Used 46RE's can be had for $400 and a wiring harness can be had for $100-$300 off car-part.com

A guy in Northern Maine has a lot of those trannies, he may ship


----------



## REAPER (Nov 23, 2004)

The part of your 1st post that keeps sticking out is this, "Somehow, about halfway through my first lot, I ended up surronded by a foot of snow,".

Not sure how you end up in a foot of snow in the middle of the job but the more I read the more I suggest selling all of your stuff and going back to the shovel crew.


----------



## Mark13 (Dec 3, 2006)

REAPER;1551155 said:


> The part of your 1st post that keeps sticking out is this, "Somehow, about halfway through my first lot, I ended up surronded by a foot of snow,".
> 
> Not sure how you end up in a foot of snow in the middle of the job but the more I read the more I suggest selling all of your stuff and going back to the shovel crew.


The more this thread progresses the more the op seems to be digging a hole.

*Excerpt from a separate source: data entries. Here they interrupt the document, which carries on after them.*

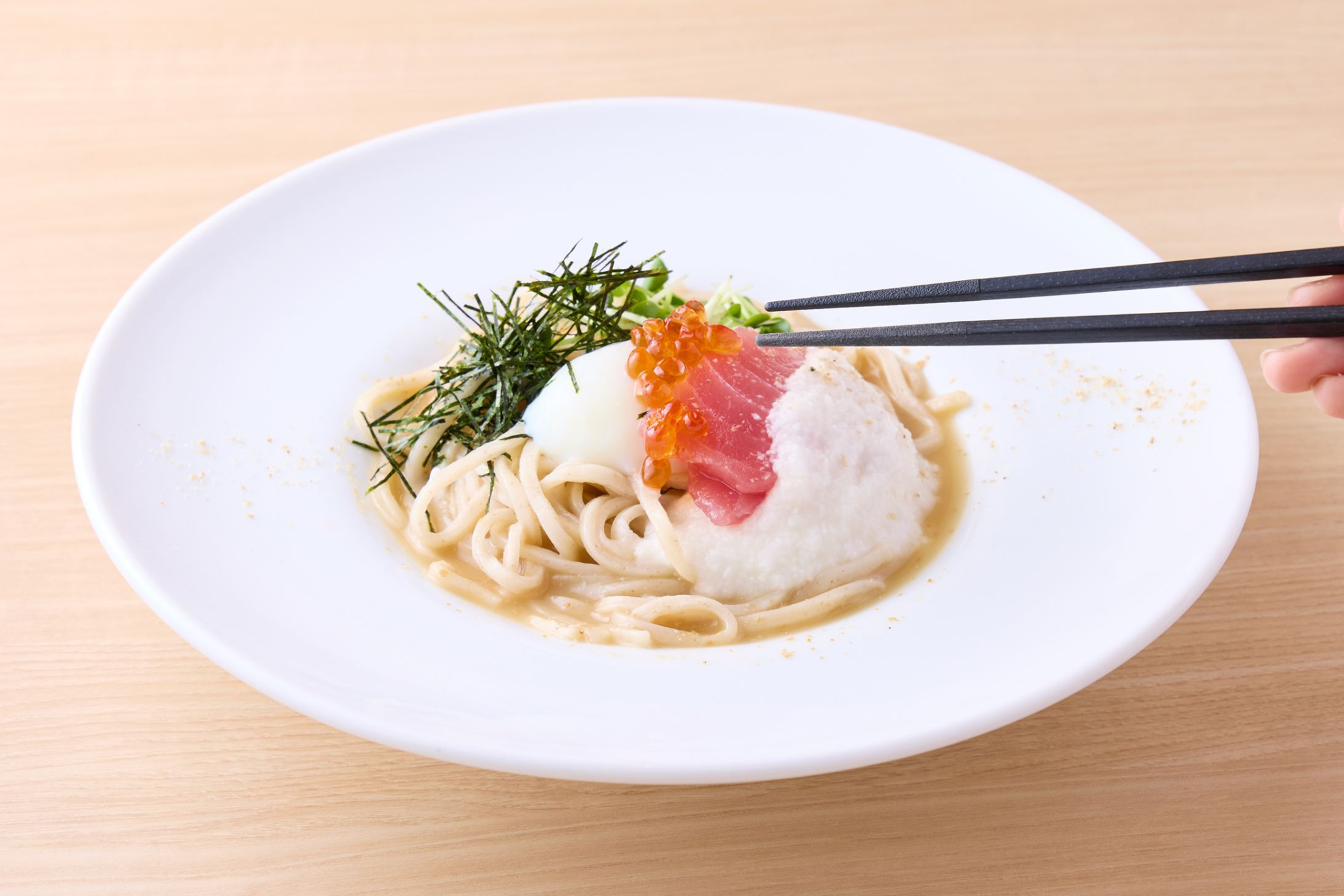 ■喉越しと弾力の両立:稲庭うどんのような「細身の喉越し」と、生パスタのような「もちもちとした弾力」を併せ持つ、独自のハイブリッド食感を実現しました。
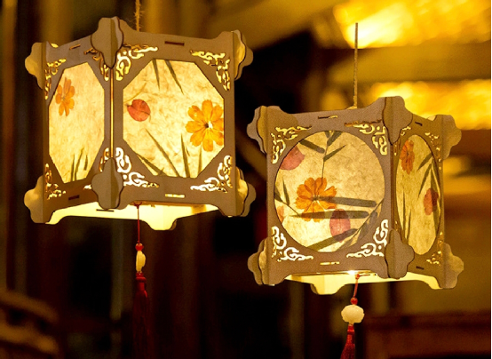 猜灯谜:中秋月圆夜,公共场所会挂起许多灯笼,灯笼上写有谜语,人们聚集在一起猜灯谜。
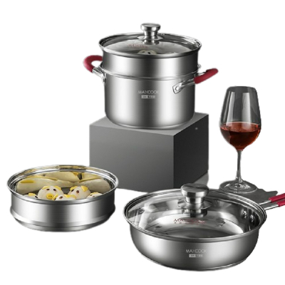 美厨“好运连连”锅具套装(三件套) MCLP-609 不锈钢色
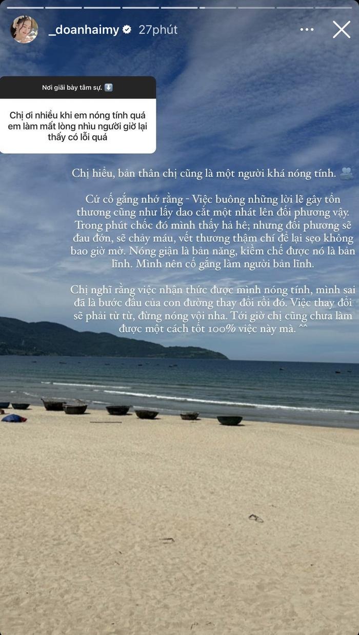 Khi trả lời fan, Doãn Hải My thẳng thắn thừa nhận bản thân là người khá nóng tính: "Cứ cố gắng nhớ rằng - Việc buông những lời lẽ gây tổn thương cũng như lấy dao cắt một nhát lên đối phương vậy. Trong phút chốc đó mình thấy hả hê; nhưng đối phương sẽ đau đớn, sẽ chảy máu, vết thương thậm chí để lại sẹo không bao giờ mờ. Nóng giận là bản năng, kiềm chế được nó là bản lĩnh. Mình nên cố gắng làm người bản lĩnh. Chị nghĩ rằng việc nhận thức được mình nóng tính, mình sai đã là bước đầu của con đường thay đổi rồi đó. Việc thay đổi sẽ phải từ từ, đừng nóng vội nha. Tới giờ chị cũng chưa làm được một cách tốt 100% việc này mà".

I'd agree with your suggestion. So much has gone wrong already that I can't see it getting much better.


----------



## Theplower (Nov 24, 2012)

REAPER;1551155 said:


> The part of your 1st post that keeps sticking out is this, "Somehow, about halfway through my first lot, I ended up surronded by a foot of snow,".
> 
> Not sure how you end up in a foot of snow in the middle of the job but the more I read the more I suggest selling all of your stuff and going back to the shovel crew.

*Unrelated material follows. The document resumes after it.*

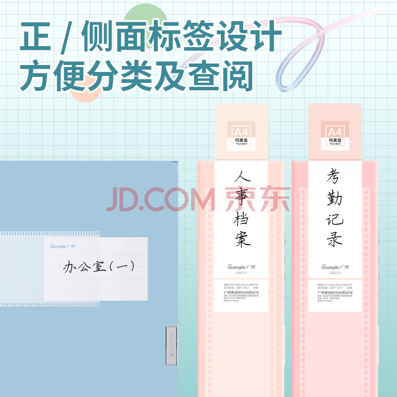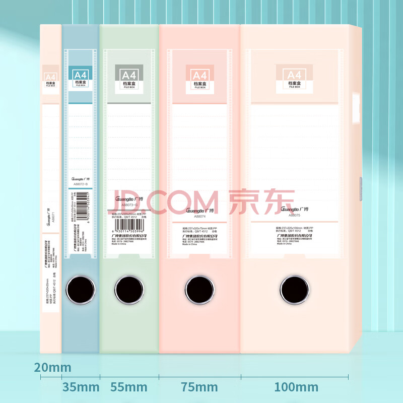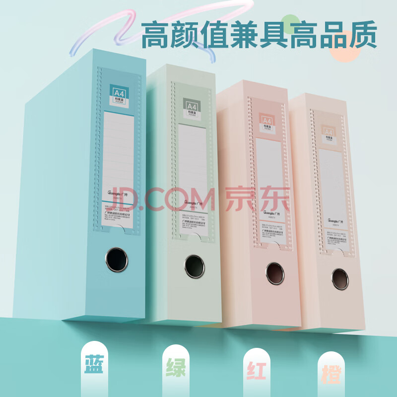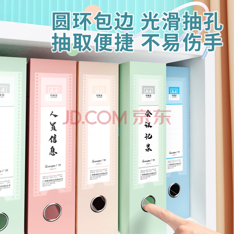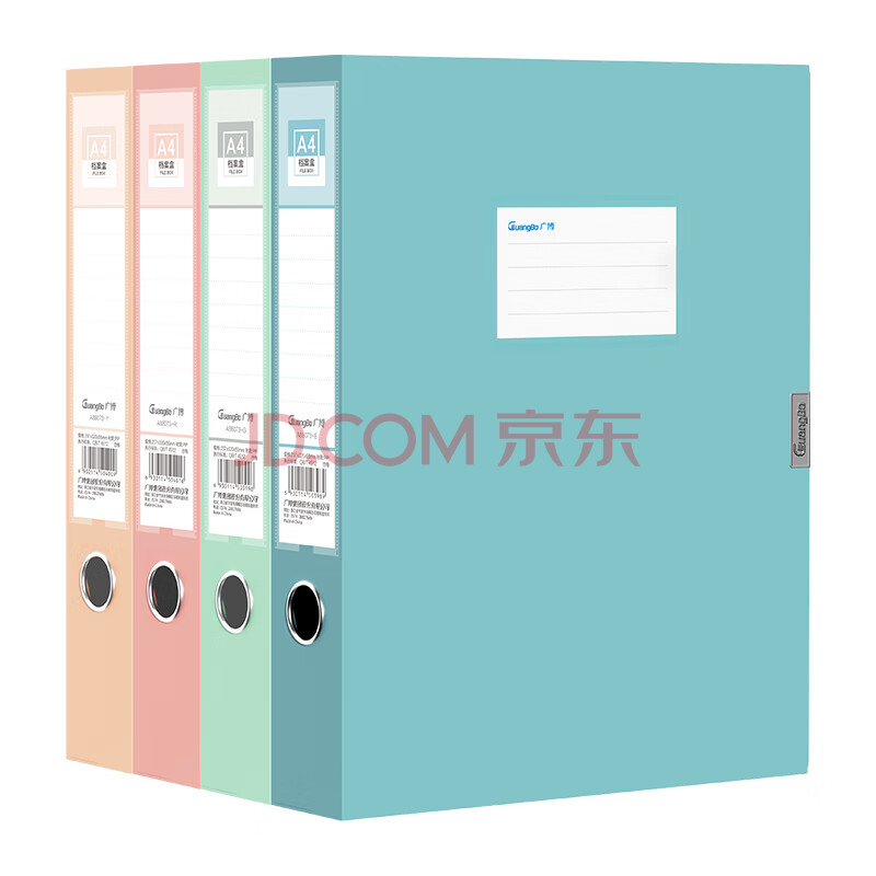 商品相册:广博(GuangBo)4色4只装55mm彩色马卡龙A4文件盒/档案盒/资料盒人事财务凭证收纳盒办公用品A88073第

What happened was, I was back dragged some stuff into a pile, went to push the pile and my plow (I believe) tripped and I ended up on top of the snow, I guess. It happened pretty fast.

As far as your offer to buy the truck for 1k THEGOLDPRO, I'm all the way up in NH and still stuck on whether or not I want to sell it or not, but if I decide to and don't know anyone else who needs the parts, I will message you.


----------



## THEGOLDPRO (Jun 18, 2006)

NH is 3 hours from me, thats no biggie lol


----------



## ALC-GregH (Nov 26, 2008)

With all the work you've done already, I'd fix it and make it your truck. All the time and money invested will be in vein if you part it out. I vote fix it and get it back in service.


----------



## beanz27 (Dec 22, 2012)

Besides even with any issues the truck has, you'd be able to sell it for 2500 if it's worth 4500. Maybe 2k but 1k is too low. Fix it and move on. 140k miles isn't anything, I've got 1 truck with 202k miles, we've got a few others that are high miles, as in one with 628k miles, another with 292k miles, and another with 342k miles. 140k isn't anything, Maintainence is the key. If you've taken good care of it and always changed the oil on time, just fix it, at least that way you know you've got a well taken care of truck, not someone elses beat the crap out of old truck.


----------



## oneoldsap (Dec 26, 2011)

There are three nevers involving used transmissions , never , never , never , put a used trans into a plow truck . Rebuild the one you have , or buy a reman from a reputable shop ! Now , between you ma and the fence post , if you're going to turn a profit in this business , you need to do your own mechanicals ! Half ton trucks that have plowed , are a hard sell , even if it's running good !


----------



## REAPER (Nov 23, 2004)

beanz27;1551545 said:


> Besides even with any issues the truck has, you'd be able to sell it for 2500 if it's worth 4500. Maybe 2k but 1k is too low. Fix it and move on. 140k miles isn't anything, I've got 1 truck with 202k miles, we've got a few others that are high miles, as in one with 628k miles, another with 292k miles, and another with 342k miles. 140k isn't anything, Maintainence is the key. If you've taken good care of it and always changed the oil on time, just fix it, at least that way you know you've got a well taken care of truck, not someone elses beat the crap out of old truck.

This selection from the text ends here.